Cyber Threat Actors Ramp Up Attacks On Industrial Environments
Both cybercriminals and hacktivists have increased cyber-attacks against industrial technology environments, with vulnerability exploits in these systems almost doubling in 2025, according to Cyble.
This according the Cyble Research & Intelligence Labs’ (CRIL) Annual Threat Landscape Report 2025, published on January 15, 2026.
One of the key takeaways from the 87-page report was the growing interest of various cyber threat actors in industrial control systems (ICS) and operational technology (OT) environments.
The researchers reported 2451 ICS vulnerabilities disclosures made across 152 vendors in 2025, almost double the 2024 numbers which saw 1690 such vulnerabilities across 103 vendors.
This increase was fuelled by an August activity spike, with 802 ICS vulnerabilities disclosed that month alone. The third quarter of 2025 accounted for 45.26% of the year’s disclosures of ICS vulnerabilities.
Siemens was the vendor with the products most affected by ICS vulnerabilities, with 1175 reported.
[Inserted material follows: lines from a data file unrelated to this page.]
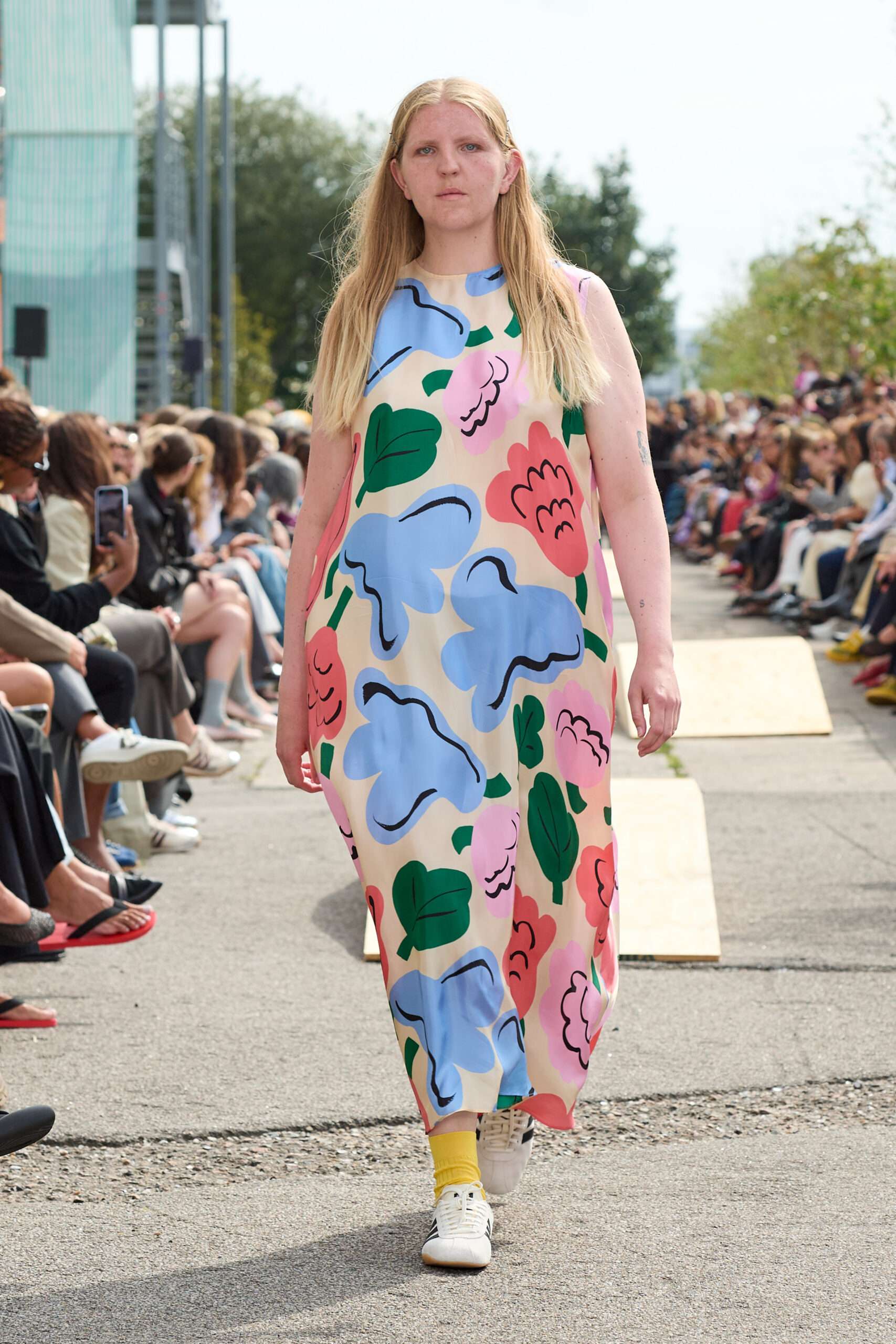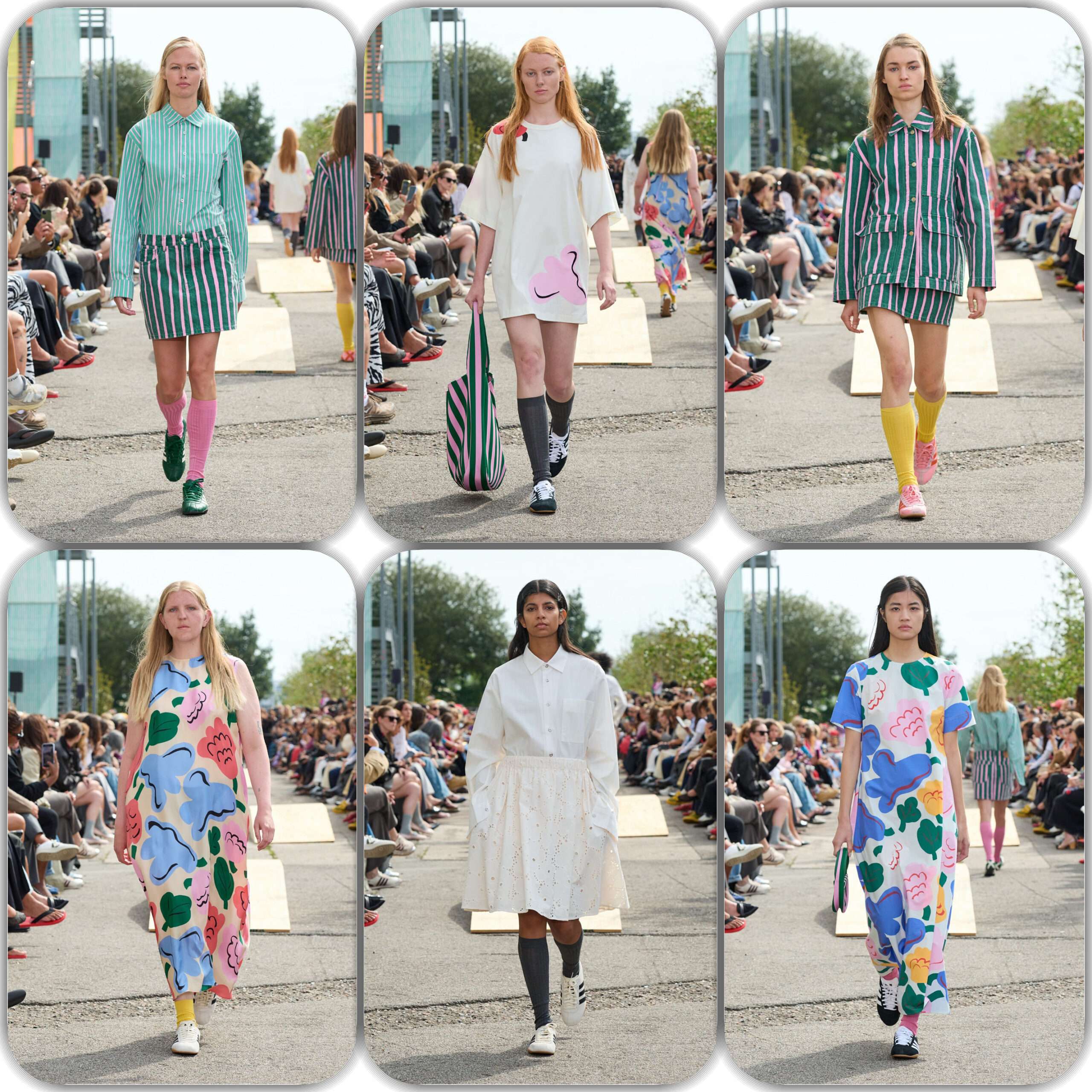 Marimekko, the iconic Finnish design house renowned for its bold prints and vibrant colors, presented its Spring/Summer 2026 collection at Copenhagen Fashion Week 2025, exploring the art of pattern through playful proportions and balanced compositions. Set against a former industrial site in Copenhagen’s harbor, the runway show fused performative expression and craftsmanship, highlighting the brand’s signature use of dynamic florals, stripes, and color contrasts.
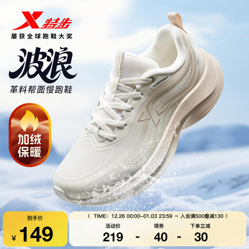 特步波浪棉鞋丨跑步鞋女冬季新款运动鞋皮面加绒保暖减震二棉鞋子
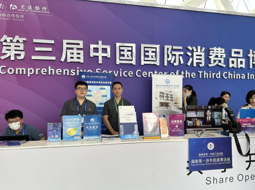 在消博會(huì)舉辦期間,海口海事法院將每日安排2名干警進(jìn)駐??谥鲿?huì)場(chǎng)一線,為參展商和觀展市民提供司法服務(wù),全力為第三屆國(guó)際消費(fèi)品博覽會(huì)“保駕護(hù)航”。

This far surpassed Schneider electric, which ranked second with 163 ICS flaws reported over the past year.
However, the French automated systems provider faced a higher percentage of high and critical vulnerabilities – approximately 70% compared with less than 40% for Siemens.
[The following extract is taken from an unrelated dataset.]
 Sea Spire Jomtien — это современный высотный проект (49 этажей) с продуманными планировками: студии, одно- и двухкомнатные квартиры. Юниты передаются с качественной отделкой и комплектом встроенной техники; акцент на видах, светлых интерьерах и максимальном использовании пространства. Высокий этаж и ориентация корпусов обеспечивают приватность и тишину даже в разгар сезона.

This rise of reported ICS vulnerabilities is partly due to a growth in exploits by cyber threat actors, who increasingly scour for security gaps in human-to-machine interfaces (HMIs) and supervisory control and data acquisition (SCADA) systems.
Cyble data showed that two of the most ICS system-reliant industries, manufacturing and healthcare, were the sectors most targeted by ransomware attacks in 2025. The researchers observed 600 manufacturing and 477 healthcare entities affected over the period covered by the report.
Hacktivist groups also heavily targeted ICT-reliant organizations, such as energy and utilities and transportation, in 2025.